Cependant, l’armée française, après avoir été long-temps retenue au haut des Alpes, et dans la rivière de Gênes, se précipite tout à coup dans le Piémont et dans la Lombardie, commandée par un général dont le courage, les talens et les succès allaient bientôt étonner l’Europe. La paix se fait avec le Piémont et avec Naples ; toute la Lombardie est au pouvoir des Français ; quatre armées autrichiennes sont défaites, Mantoue se rend ; Rome est à la discrétion du vainqueur ; l’armée triomphante poursuit sa course, bat le prince Charles, et va signer sous les murs de Vienne les préliminaires de la paix avec l’empereur. Pendant ce temps, une foule d’écrits pleins de chaleur propageait les principes de la révolution, et attaquait les anciens gouvernemens ; le club Morando grossissait tous les jours ; le gouvernement faible, incertain, n’osait prendre ouvertement aucun parti rigoureux ; il craignait de faire éclater un mouvement qu’il espérait éviter en temporisant. Il se bornait donc à quelques mesures partielles et secrètes, suffisantes cependant pour contenir les hommes timides. Telle était la situation des choses au 17 mai 1797.

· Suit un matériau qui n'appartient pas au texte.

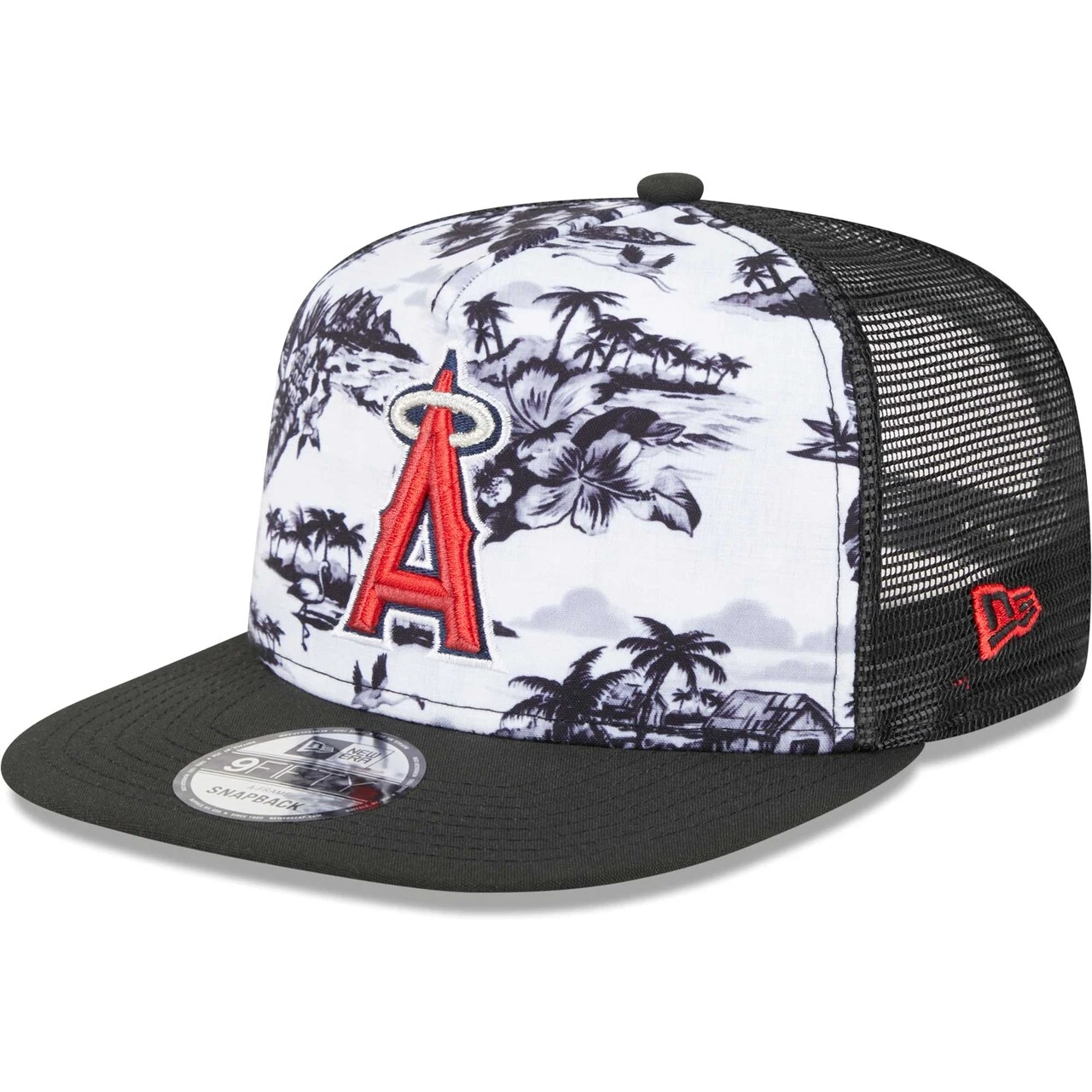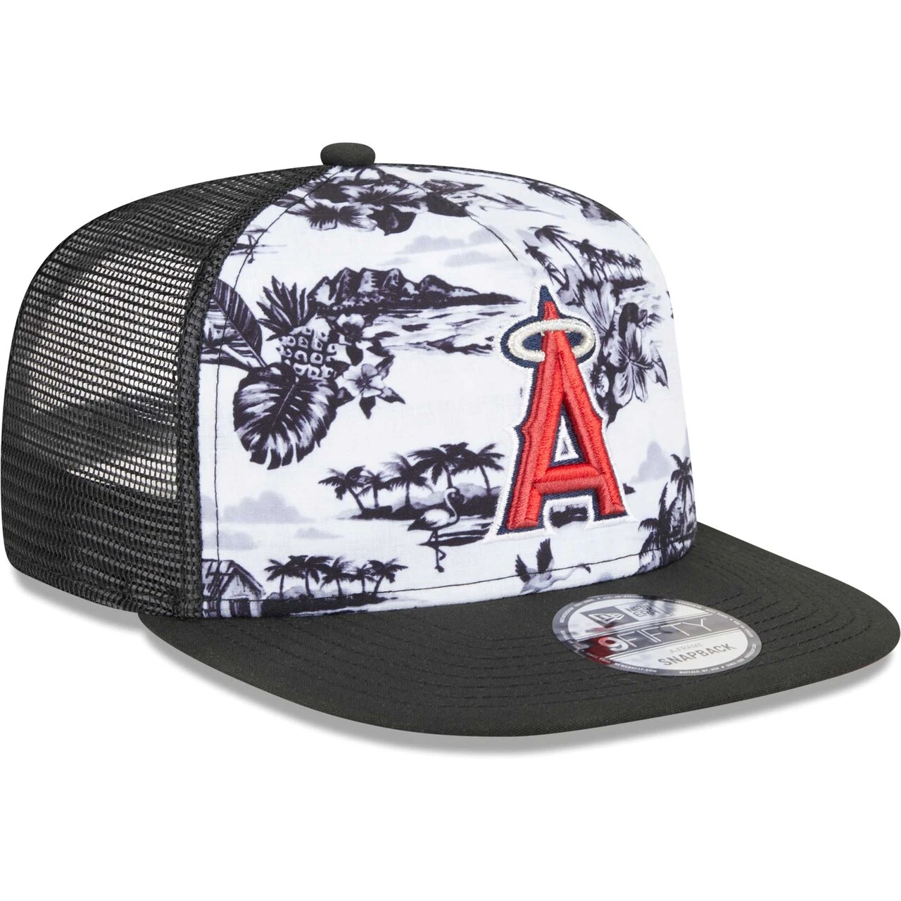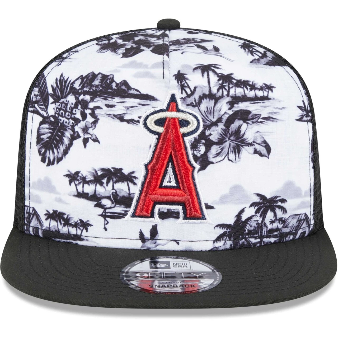 Kick back and relax in this Los Angeles Angels Vacay 2.0 A-Frame 9FIFTY cap from New Era. This trucker hat features a fun and calming pattern of palm trees, the beach and some flamingos with the Los Angeles Angels logo embroidered on top. The snapback construction will allow you to choose your comfort level and will help take your cares away.

Depuis quelques jours, des jeunes gens des principales familles de Gênes se réunissaient dans l’après-midi sur la place de l’Acquasola, située près des remparts, hors de la ville, et y jouaient aux barres : ils avaient annoncé une grande partie pour le 17 mai, de laquelle devaient être plusieurs Français. On distinguait parmi les acteurs le jeune prince S.-Croce, expulsé de Rome pour avoir manifesté, disait-on, un grand attachement aux idées de liberté.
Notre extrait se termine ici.